Not -just- simply that. Putting windows into screensaver mode means way more than just displaying funny stuff instead of normal desktop, while not interacting with the user. It's a clean-up time. Less used things get swapped out of main memory, disk buffers undergo some tidying up (sync, free up older unused buffers etc.), idle processes get their priorities lowered so that active processes get more CPU time, generally the computer gets less desktop-like and more server-like. Some hardware may be put in power-save mode too. That's why on slow boxes exiting the screensaver mode may take up to a minute... and that's why the screensaver exe has LOTS of resources at its disposal.
There are some more things considered when it comes to accepting an article than just "the news being important". Like the style of writing, grammar, correctness, the submitter not being a troll and not sounding like an arrogant bastard. If the article was written in similar tone as this post, no wonder it was rejected. Be more humble.
'cause asking questions that can't be answered is pointless.
So adding extra safety checks and multipling the redundancy in a failed design has proven to be a wrong approach. What's the right approach? Redesigning the device almost from scratch, then making it safe not by adding devices minimizing damages in case of failure but by reducing the chances of failure by rugged, simple, fault-proof design, then proving it's safe by lots of successful cargo flights ("lots of" possible only when profitable = inexpensive).

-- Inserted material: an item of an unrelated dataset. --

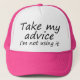 Take my advice, I'm not using it. Sarcastic one liner sure to make them smile. Black, pink and white hat.

Instead of providing a fault-prone original and 3 spares plus a system to automatically switch between them provide one original that won't break no matter what. Nobody builds a second bridge below a bridge so in case the bridge collapses, people won't drown but will land on the second bridge among the rubble. You just build a bridge that will withstand multiples of the maximum weight it would ever carry.

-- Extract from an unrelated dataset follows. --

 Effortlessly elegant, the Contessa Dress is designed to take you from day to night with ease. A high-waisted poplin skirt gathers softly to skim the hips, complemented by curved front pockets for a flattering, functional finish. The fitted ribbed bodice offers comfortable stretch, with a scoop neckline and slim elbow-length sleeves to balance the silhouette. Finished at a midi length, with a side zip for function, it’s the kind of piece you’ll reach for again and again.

1) Various parties had their business in putting their parts in the shuttle, and cost and quality were often on a far place when considering priorities (political friendships being most important). They often need checking, replacing, in short they suck. A commercial-made shuttle won't have this kind of weight attached. Middle ground between safety and price is the key value. And good-bye all the 60's - based parts still kept for political reasons.
2) The shuttles have -enormous- amount of redundancy/safety features because of all the publicity related to astronaut deaths. Commercial solution for own use should be just secure enough to pay itself back and give profit. Likely some/lots of the redundancy will be removed. Cheaper, easier, simpler, lighter. And lesser chance of -any- part failing (if there are 4 sensors instead of two, sure, in flight 3 will still work if one fails, instead of one, and two instead of none, but on Earth you need 4 checks instead of two, the chance that at least one sensor will be broken doubles and so do costs associated with them.) In short, astronauts are a bit more disposable...

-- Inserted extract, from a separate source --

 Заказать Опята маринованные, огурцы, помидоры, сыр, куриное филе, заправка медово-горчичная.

3) If it's not cost-effective, it will just end up in bankruptcy of this company and taking over the market by others. Not in stalling progress for decades by pumping billions into failed design just to keep it flying for showoff. These guys get paid for actually delivering stuff to the orbit, not for providing some parts that may or may not quite work like intended but uncle governor said they should be used.